I jump, awakening in a dark silent room as the weight on my legs shifts heavily and emits a long low growl. It makes my heart stop, skin prickling all over, suddenly frightfully aware as I get my bearings and remember where I am and what the hell is lying on me. Pulse quickening as I groggily come to, a cold sweep of blood due to the abrupt manner I awoke in the eerie room, lacking any TV noises. The illumination of the city view is subtler than I would have expected and not casting a great deal of light at all.

His low grumble puts an instant fear of me God in me and I try to focus on him towering over me by pushing myself to half propped up and stare at the beast.

I must have fallen asleep with that movie and the TV has gone into standby and switched off. It’s dark as hell, and it dawns on me as I look around to figure out what’s happening the shades must be activated by light or a timer as they have all come down two-thirds of the way, so this room is almost completely pitch black. I have no clue what time it is.

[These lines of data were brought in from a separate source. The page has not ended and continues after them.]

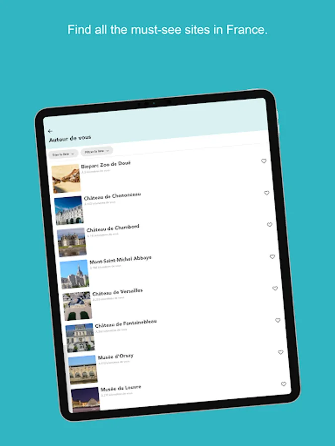 - Discover the 1001 unmissable sites of France: unmissable sites, zoos, aquariums, castles, leisure parks, national monuments, national museums, major sites of France, etc. Visualize these sites intuitively on an interactive map and share with your friends. View Wikipedia and capture all the info. With this application, you will not miss out on a must-see site when you go on vacation.
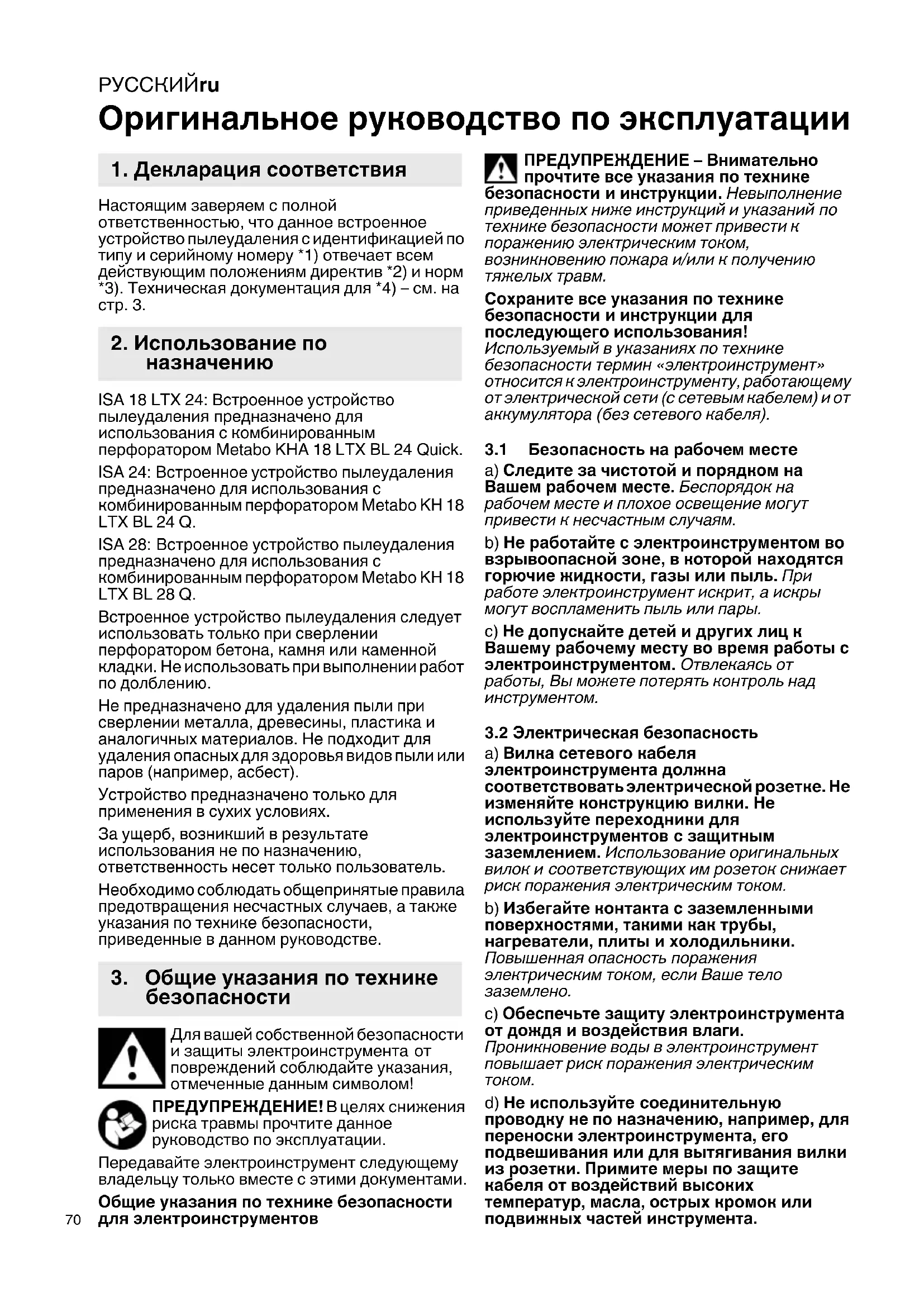 Оригинальное руководство по эксплуатации Настоящим заверяем с полной ответственностью, что данное встроенное устройство пылеудаления с идентификацией по типу и серийному номеру *1) отвечает всем действующим положениям директив *2) и норм *3). Техническая документация для *4) – см. на стр. 3. ISA 18 LTX 24: Встроенное устройство пылеудаления предназначено для использования с комбинированным перфоратором Metabo KHA 18 LTX BL 24 Quick. ISA 24: Встроенное устройство пылеудаления предназначено для использования с комбинированным перфоратором Metabo KH 18 LTX BL 24 Q. ISA 28: Встроенное устройство пылеудаления предназначено для использования с комбинированным перфоратором Metabo KH 18 LTX BL 28 Q. Встроенное устройство пылеудаления следует использовать только при сверлении перфоратором бетона, камня или каменной кладки. Не использовать при выполнении работ по долблению. Не предназначено для удаления пыли при сверлении металла, древесины, пластика и аналогичных материалов. Не подходит для удаления опасных для здоровья видов пыли или паров (например, асбест). Устройство предназначено только для применения в сухих условиях. За ущерб, возникший в результате использования не по назначению, ответственность несет только пользователь. Необходимо соблюдать общепринятые правила предотвращения несчастных случаев, а также указания по технике безопасности, приведенные в данном руководстве. Для вашей собственной безопасности и защиты электроинструмента
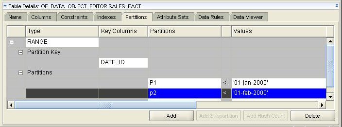 If this is a big table, or one that we want to be constantly available during a data refresh, or perhaps one that will feature a lot of concurrent access, then we'll probably want to partition it. Partitioning is defined using the Partitioning tab in the Data Object Editor, and in this case, we are going to range partition on the DATE_ID column.
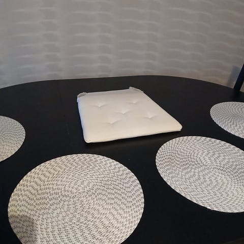 Reilun vuoden vanha ruokaryhmä, jossa vankka pöytä ja neljä tuolia.
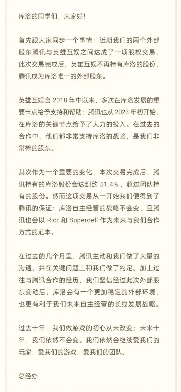 Kuro Games在一份内部备忘录中表示,虽然腾讯的股份现在超过了Kuro Games自己持有的股份,但腾讯向该公司保证,其独立运营的战略将保持不变,类似于腾讯与子公司Riot Games和Supercell的运营方式。
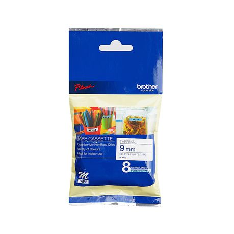 Brother M-K223 Blue on White Non-Laminate Tape 9mm. For use with the Brother PT-M95, PT-M95AD, PT-90, PT-80.

Lync stands up over me, shifting closer protectively and seems to perch himself with a foot on each side of me. Even though I cannot make him out that well, I can sense he’s facing the door and is listening intently. I sit up further to see what it is he can hear and then yelp in fright as that damn beast’s lanky whip-like tail smacks me right in the mouth with a sudden violent wagging. Bitch slapped by the damn dog for God’s sake.

It knocks me sideways and senseless for a moment and distracts me from my thumping heartbeat and trembling limbs. Cursing him out and rubbing my startled jawline as I push his arse away from me harshly.

‘Arsehole.’ I mutter at him grumpily. If anything, he woke me up fully and now all my senses are on high alert thanks to being dog smacked.

He completely changes in the blink of an eye, from silent and still predator into a yappy, excitable puppy that rolls over, jumps up and flies off the bed, all while making the most insane whimpering, barking noises that signal extreme excitement. The dog legs it, right out the room, pushing the door open and letting light flood through from the illuminated hallway beyond. I blink at the assault, eyes unable to focus as fast as his apparently do and then blink at the clock sat on the bedside table, trying to get my bearings. It’s ten past midnight and it occurs to me it might be Alexi returning home and the stupid mutt can clearly tell.

I exhale with relief and slump back down into my mountain of cushions to await the appearance of my hunky bed companion, a smile spreading across my face and that warm glow of utter happiness at knowing he might be back.

I mean it’s his weird as fuck pet. I’m sure it gets happy to hear him come back as he isn’t here that often anymore. It’s obviously Alexi.

Neglectful dick.

He’d better not shelve me in this apartment like he has done Lync and go off to spend nights in the club with some hoe. I’ll rip his goddamn throat out and cut off his dick to feed to the damn dog. I bet Lync would probably enjoy a good bit of meat like that and I would definitely not regret doing it.

I lie and wait, expecting him to walk in at any moment and get mighty restless when after a full four minutes he’s a no show. Staring at the dark blank ceiling and straining to listen to any sort of noise and get absolutely nothing at all.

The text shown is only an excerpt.